“Mile High” Lemon Chiffon Pie

From Stone’s Restaurant, in Marshalltown, Iowa.

Stone's Restaurant, Marshalltown, Iowa

Card advertising Stone’s Restaurant, from photolibrarian on Flickr

Stone’s Restaurant was famous, and so is this pie. It was family-operated until 2006, when it was briefly closed, then reopened under new management, and then re-closed again. It’s not the first time Stone’s had a hiatus, however. During World War II, it was briefly closed when Anna Stone, the widow of the founder’s son, felt she couldn’t get high-enough quality ingredients to keep it operating during rationing in 1945.

As it happens, Duncan Hines wrote to Anna, encouraging her to continue. She reopened in April 1946, and Hines continued to enjoy the Mile High lemon chiffon pie.

From the box of D.W. from Cedar Falls, Iowa.

“Mile High” Lemon Chiffon Pie


Cook in double boiler, stirring frequently until consistency of thick custard:

  • 8 egg yolks slightly beaten
  • 1 cup sugar
  • 2 lemons (juice)
  • 2 lemon rinds grated
  • Salt to taste
  • 2 tablespoons unflavored gelatin
  • 1/2 cup cold water

Soak gelatin in cold water until dissolved–add to hot custard and cool.

8 egg whites beaten…
1 cup sugar

Beat egg whites stiff but not dry.
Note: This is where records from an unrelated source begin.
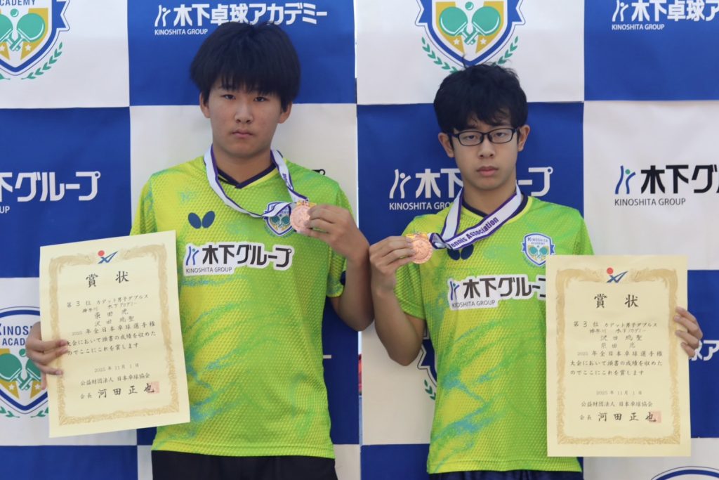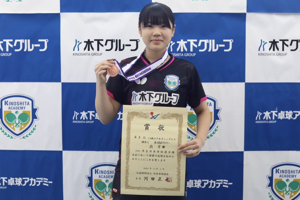 「JOCジュニアオリンピックカップ 2025年全日本卓球選手権大会(カデットの部)」において、以下の成績を収めました。
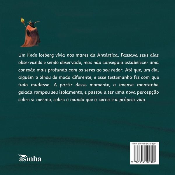 Um lindo Iceberg vivia nos mares da Antártica. Passava seus dias observando e sendo observado, mas não conseguia estabelecer uma conexão mais profunda com os seres ao seu redor. Até que, um dia, alguém o olhou de modo diferente, e esse testemunho fez com que tudo mudasse. A partir desse momento, a imensa montanha gelada rompeu seu isolamento, e passou a ter uma nova percepção sobre si mesmo, sobre o mundo que o cerca e a própria vida.
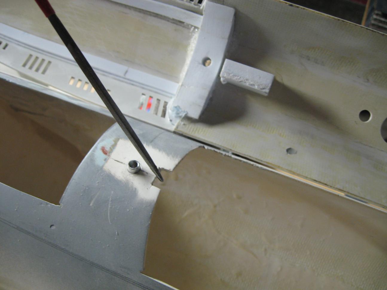 The opening at the top of the hull was WAY too wide etc...so I reduced it's width, shaped the front of the hole. Nice job, but I didn't take any pictures of the process. Woops. Too busy cursing bodywork labor.
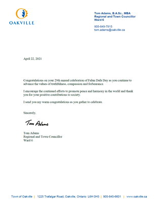 安省奥克维尔市(Oakville)市议员汤姆·亚当斯(Tom Adams)贺信写道:祝贺你们庆祝法轮大法29周年,继续弘扬真善忍的价值观。我鼓励你们持续努力促进世界和平与和谐,并感谢你们为社会做出的积极贡献。在你们欢聚之时,我向你们致以热烈的祝贺。

Beat in sugar gradually and then beat again. Fold cooled custard into beaten egg whites. Put in baked pie shell and chill three hours. Serve with whipped cream.

Stone’s Restaurant
Since 1887
Marshalltown, Iowa


  1. Cheri K

    The topmost image of Mile High Lemon Chiffon Pie is from a cookbook produced in the 40’s I believe. (I would have to dig it out and check the date.) Passenger trains ran through Marshalltown (Iowa) for many years and Stone’s was located just across the street from the depot. In the 50’s, the train would still stop in my tiny hometown of Montour – about 15 minutes east of Marshalltown – and pick passengers up and take them on to Marshalltown. Stone’s was a Marshalltown icon for decades after the passenger trains quit running. It was a rare treat when we would get to have lunch at Stone’s and share a piece of Mile High Pie. Lemon was the favorite, but in my teens and adulthood they also had strawberry and chocolate. The pie was mounded into the shell and at the center was about 6″ tall–thus ‘mile high’. It was delicious and well worth the price!!!
    Cheri K

  2. mary

    OMG!!! I have been looking for this recipe for years! I worked at Al Class’ Town and Country restaurant in Bettendorf, IA in the early 70’s and they served this along with strawberry mile high chiffon pie! That is what they were known for. I can’t tell you how happy I am to have found this recipe! Thank you SO MUCH for sharing! Mary W.